▶ Problem details
Copy the lines below exactly. No picture goes into the copy.
··· Supplied information ···
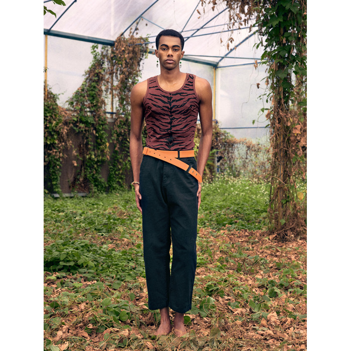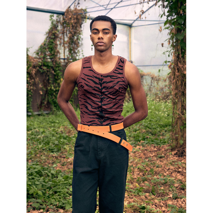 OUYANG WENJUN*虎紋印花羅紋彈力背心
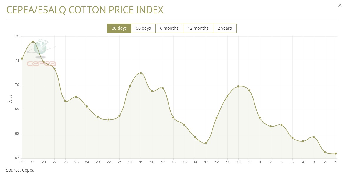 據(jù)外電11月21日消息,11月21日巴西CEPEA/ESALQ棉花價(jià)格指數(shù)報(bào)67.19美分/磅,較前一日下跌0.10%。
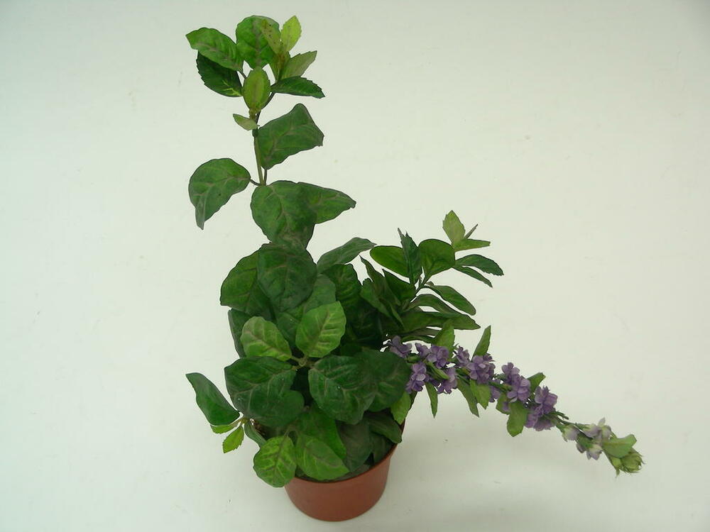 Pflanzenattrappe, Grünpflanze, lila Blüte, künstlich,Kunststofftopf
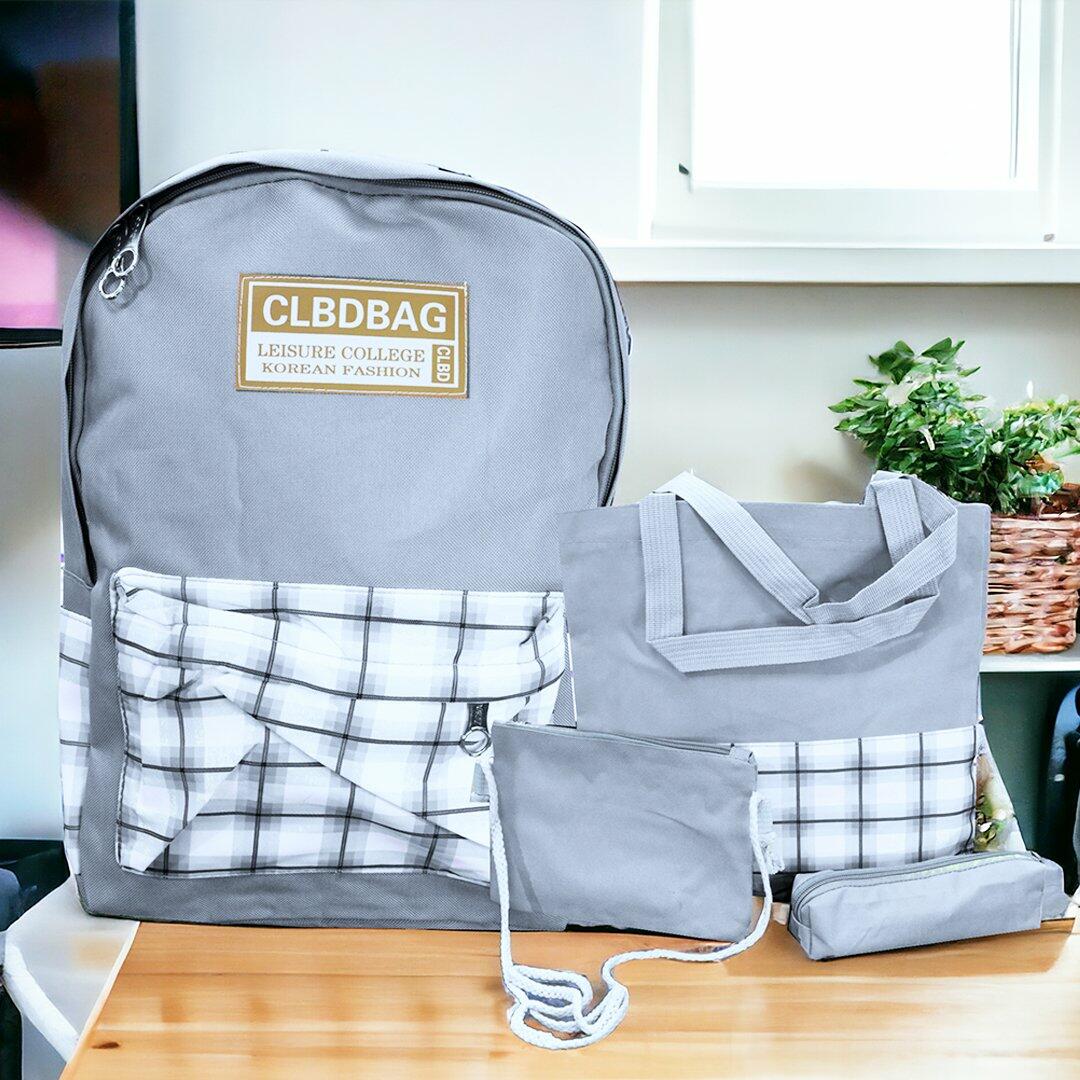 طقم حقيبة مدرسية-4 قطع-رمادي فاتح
···
▶ Reply to the exercise
 OUYANG WENJUN*虎紋印花羅紋彈力背心
 據(jù)外電11月21日消息,11月21日巴西CEPEA/ESALQ棉花價(jià)格指數(shù)報(bào)67.19美分/磅,較前一日下跌0.10%。
 Pflanzenattrappe, Grünpflanze, lila Blüte, künstlich,Kunststofftopf
 طقم حقيبة مدرسية-4 قطع-رمادي فاتح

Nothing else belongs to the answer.